In September 1996, the anaerobic section of the All India Institute of Medical Sciences received serum and food samples from the National Institute of Communicable Diseases, Delhi, India, for investigating a possible outbreak of foodborne botulism.
In the early hours of September 18, 1996, 34 of 310 students of a residential school in rural Gujrat complained of abdominal pain, nausea, chest pain, and difficulty in breathing. One of the students, aged 14, died before he could be treated; two others, aged 13, died on their way to the hospital. The remaining 31 students were admitted to a rural hospital; eight were discharged 1 day later after being given symptomatic treatment, while the other 23 were transported by ambulance to an urban emergency department in Ahemdabad, Gujrat. Findings on examination included ptosis, pupillary mydriasis, extraocular palsies, and impairment of conciousness. All students were given symptomatic treatment in the form of stomach lavage and intravenous administration of antibiotics and steroids. Over the subsequent 24 hours, 21 improved clinically and were discharged; however, two (aged 14 and 17 years) had respiratory distress and required mechanical ventilation. Differential diagnosis included botulinum food poisoning, and both patients were administered trivalent (A,B,E) botulinum antitoxin. They responded well to the treatment and were discharged from the hospital 1 month later.
Patients reported that 24 hours before onset of symptoms, they had eaten ladoo (a local sweet), curd, buttermilk, sevu (crisp made of gram flour), and pickle. Food samples were assayed for botulinum toxin and were cultured anaerobically (1). Anaerobic culture of leftover sevu yielded an organism in pure culture whose cultural and biochemical properties were consistent with those of C. butyricum; i.e., it was lipase-negative, fermentative, and did not liquefy gelatin (2).
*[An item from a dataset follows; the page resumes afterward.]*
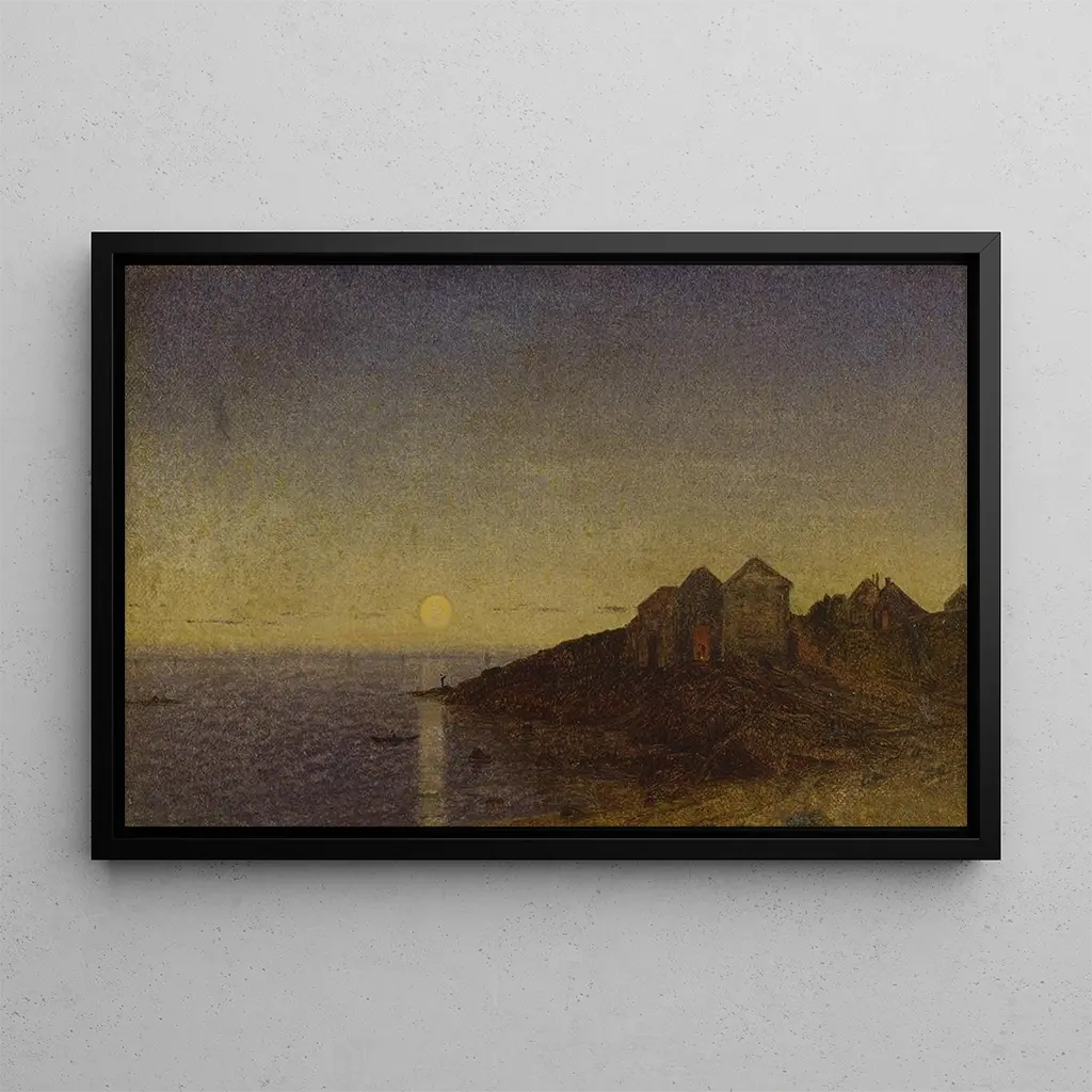 Clair de lune, werk von James Augustus Suydam, ruft die Magie einer ruhigen Nacht hervor, durchdrungen vom sanften Licht des Mondes. Dieser zarte kunstdruck fängt eine idyllische Landschaft ein, in der silberne Reflexe auf dem ruhigen Wasser tanzen und eine Traum- und Ruheatmosphäre schaffen. Die Nuancen von Blau und Violett, subtil vermischt, verleihen der Leinwand eine romantische und melancholische Stimmung. Die impressionistische Technik von Suydam, mit ihren fließenden Pinselstrichen, ermöglicht es, die Frische der Nacht und die vergängliche Schönheit der Natur zu spüren. Dieses Gemälde lädt zur Kontemplation und Flucht ein und bietet einen Moment der Gelassenheit für diejenigen, die es betrachten.

Enrichment cultures of the sevu specimens in enriched chopped meat-glucose-starch medium contained toxin after 5 days of anaerobic incubation at 30°C. This was shown by mouse toxicity test in which the enrichment broth of the specimen was injected intraperitoneally into mice; botulinum toxin was detected by observing its lethal effect on mice. This effect was neutralized by specific polyvalent botulinum antitoxin types A, B, E (Biomed, Warsaw, Poland). Cultures of other food items tested negative for toxigenic organisms. Serum specimens (obtained more than 1 week after the onset of illness) from eight patients with mildly symptomatic illness were negative for toxin.
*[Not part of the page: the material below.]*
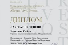 Поздравляем наших учащихся с победой на Международном конкурсе виртуозного исполнительского мастерства "Allegro. Vivo. Presto". Молодцы!

To test the presence of toxin gene in the isolated strain of C. butyricum, polymerase chain reaction (PCR) was performed. Degenerate primers BoNT 1 and BoNT 2 were used, which amplify a specific 1.1-kb fragment of neurotoxin gene C. botulinum types (A, B, E, F, and G) as well as toxigenic strains of C. baratti and C. butyricum (3). Five Escherichia coli strains containing clones encoding fragments of the C. botulinum neurotoxin genes were used as positive controls in the PCR assay (kindly provided by Alison East, Institute of Food Research, United Kingdom). PCR profile used was as follows: 94°C for 2 min, followed by 25 cycles of 92°C for 1 min, 42°C for 1 min, and 62°C for 5 min, then held at 4°C (Alison East, pers. comm.). An amplified product of 1.1 kb was detected from the culture isolate of sevu.
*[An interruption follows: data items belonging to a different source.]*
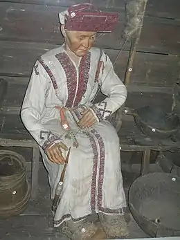 The origin of the Northwestern Maris belongs to the larger history of the Mari people. Most scientists, based on linguistic and archaeological data, associated them with being descendants of the north-western part of the Iron Age Gorodets culture. It was localized between the middle Volga's right tributaries Oka and Sura. In the 6th century AD, Gorodets population moved to the north bank of the Volga up to Vetluga and Bolshaya Kokshaga rivers. There they were greatly influenced by the Ananyino culture. The differences between Northwestern and other groups of Mari appeared in the 9th-10th centuries. In the 10th-13th centuries some related upper Volga Dyakovo tribes joined to Northwestern Maris and were assimilated by them. During the unification of Russian principalities around Moscow the part of Northwestern Mari became a part of Moscovian State.[2]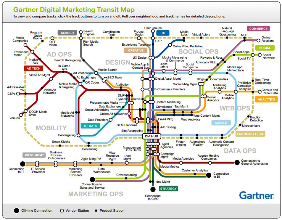 The modern consumer is 24/7 connected, across a broad spectrum of channels and expects relevance in every channel at every moment that he or she decides to interact with you. The Gartner Digital marketing transit map gives an idea of the channels marketers have to deal with these days.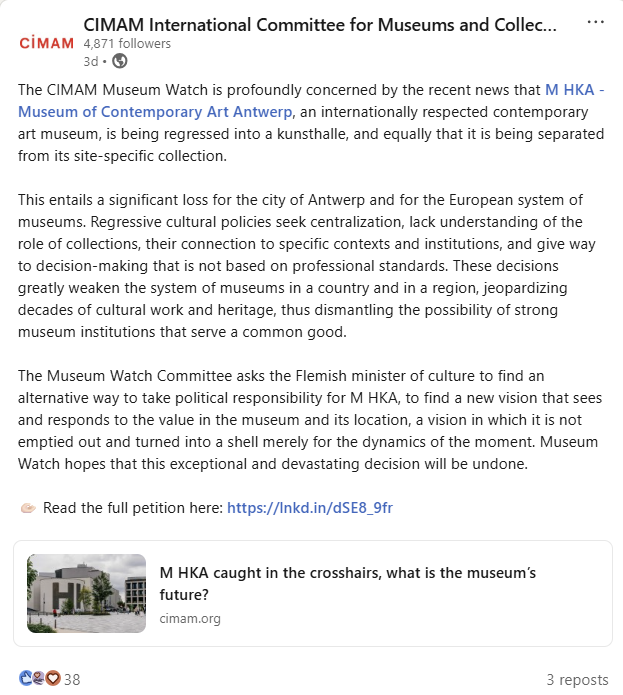This is an “unexpected” and “regressive” decision, signaling “a significant loss for the city of Antwerp and for the European system of museums,” said the Museum Watch Committee of the International Committee for Museums and Collections of Modern Art (CIMAM), an affiliated organisation of ICOM.

The outbreak described in this report draws attention to the emergence of new foodborne pathogens and to their association with unusual foods. Human botulism is commonly caused by C. botulinum neurotoxin type A, B, and E (4). In the present study, we showed that a neurotoxigenic C. butyricum was present in the food implicated in a clinically suspected outbreak of botulism in Gujrat, India.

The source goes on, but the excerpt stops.